A motor unit consists of one somatic efferent (motor) neuron and all of the muscle fibers (cells) that it innervates. In the figure to the right, two motor units are illustrated diagrammatically. Notice that after an efferent axon enters the muscle, it branches and forms synapses with a number of muscle fibers. However, there is no overlap in the innervation of the muscle fibers by different efferent neurons. Each individual muscle fiber is connected to only one efferent neuron.
The figure, however, is quite diagrammatic. There are many more efferent neurons innervating a muscle and many more muscle fibers in one motor unit. For example, a large muscle used for powerful movements, such as the gastrocnemius in the calf, is controlled by hundreds of efferent neurons. Moreover, each efferent neuron innervates hundreds, or even thousands, of individual muscle fibers.
The synapse between the efferent neuron and one muscle fiber is very unusual. It is huge, and always releases enough acetylcholine to depolarize the muscle fiber above threshold. This is totally unlike synapses in the central nervous system.
Because the synapse is so large, here is the overall rule that governs the functioning of a single motor unit: one action potential in the efferent neuron leads to one action potential in all of the muscle fibers in the motor unit. This in turn triggers one brief, all-or-nothing contraction of all of the muscle fibers in the motor unit. Such a contraction is called a twitch.
Thus, each motor unit is either relaxed or each presynaptic action potential causes an action potential in all of the muscle fibers of the motor unit, causing them all to contract at once.
In the whole muscle, contractions of different strengths necessarily are created by activating different numbers of motor units.
Motor units are not all identical, but fall into three groups. In each group, both the efferent neuron and its muscle fibers have distinctive properties. There are three types: slow oxidative, fast oxidative and fast glycolytic. In the chart below, concentrate primarily on the slow oxidative and the fast glycolytic. Think of the fast oxidative as intermediate between the other two.

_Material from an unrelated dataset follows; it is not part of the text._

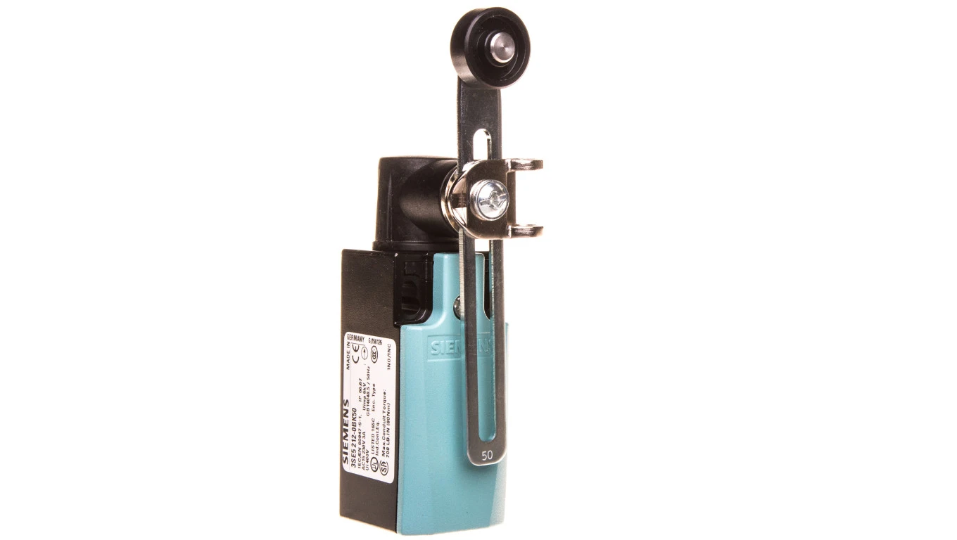 Wyłącznik krańcowy 1Z 1R pełzające metal 31mm dźwignia uchylna 100mm regulowana z rolką 19mm z tworzywa IP67 3SE5212-0BK50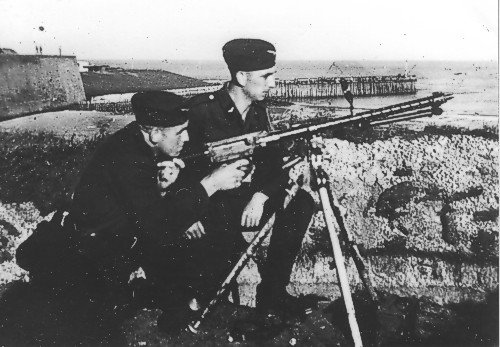 De ingang van de "Vissershaven" was de westelijke grens. Achter de kustlijn liggen enige schuilkelders.

In the chart, refer to the first line in purple, which indicates the size of the efferent neurons, which can be small, intermediate or large. Developmentally, the type of the efferent neuron determines the characteristics of the muscle fibers that it innervates. For example, if an efferent neuron degenerates in a disorder, a neighboring efferent axon can sprout branches and innervate the muscle fibers that lost their original efferent neuron. When this happens, the muscle fibers adopt the characteristics associated with the new efferent neuron.
The muscle fibers innervated by small efferent neurons are also small.
The small motor neurons are the easiest to excite above threshold. Thus, with the smallest type of contraction of the muscle, the smallest motor neurons and the smallest muscle fibers begin contracting. With progressively stronger contractions, the intermediate and then the large efferent neurons successively add their contributions to the contraction.
Thus, contractions of increasing strength occur through the progressive recruitment of larger and larger motor units.
The next line, in blue, indicates the primary specialization of the corresponding muscle fibers. This is the rate at which the myosin uses ATP. One type of myosin uses ATP relatively slowly. Thus, these slow muscle fibers contract relatively slowly. The second type of myosin uses ATP rapidly. Thus, these fast muscle fibers contract rapidly.
The remaining characteristics support two modes of contraction of the slow and fast muscle fibers.
The next three lines in red show specializations that support the slow muscle fibers. Since these use ATP relatively slowly, the circulatory system usually can deliver enough oxygen to allow oxidative phosphorylation to generate the required ATP. Thus, these muscle fibers are surrounded by many capillaries to provide oxygen, have many mitochondria to use the oxygen, and have a high myoglobin content. The latter binds oxygen and speeds it diffusion into the muscle fibers. Finally, note that the muscle fibers are small, which also allows for rapid diffusion of oxygen to the interior of the muscle fibers.
The fast glycolytic muscle fibers do not have many mitochondria and rely on glycolysis to generate most of the ATP. Since glycolysis does not depend on oxygen, the fast muscle fibers are not limited by the rate at which the circulatory system delivers oxygen to the muscle. But they rapidly run through their glycogen and release lactic acid into the blood. The lactic acid is either converted to glucose in the liver or used by the slow muscle fibers.
|innervating neuron size||small||large|
|muscle fiber diameter||small||large|
|myosin ATPase activity||low||high|
Thus, while the slow muscle fibers do not produce as much force as the fast, they are equipped to generate ATP for a long time and fatigue slowly. By contrast, the fast glycolytic muscle fibers generate much more force, but fatigue comparatively rapidly.
Most muscles are a mixture of fast and slow motor units. The quadriceps, for example, has approximately an equal proportion on average. But this can vary greatly, depending on a person's genetics. Postural muscles along the back, by contrast, are largely slow motor units. At the other extreme, are the extraocular muscles that aim the eye. These are completely fast motor units.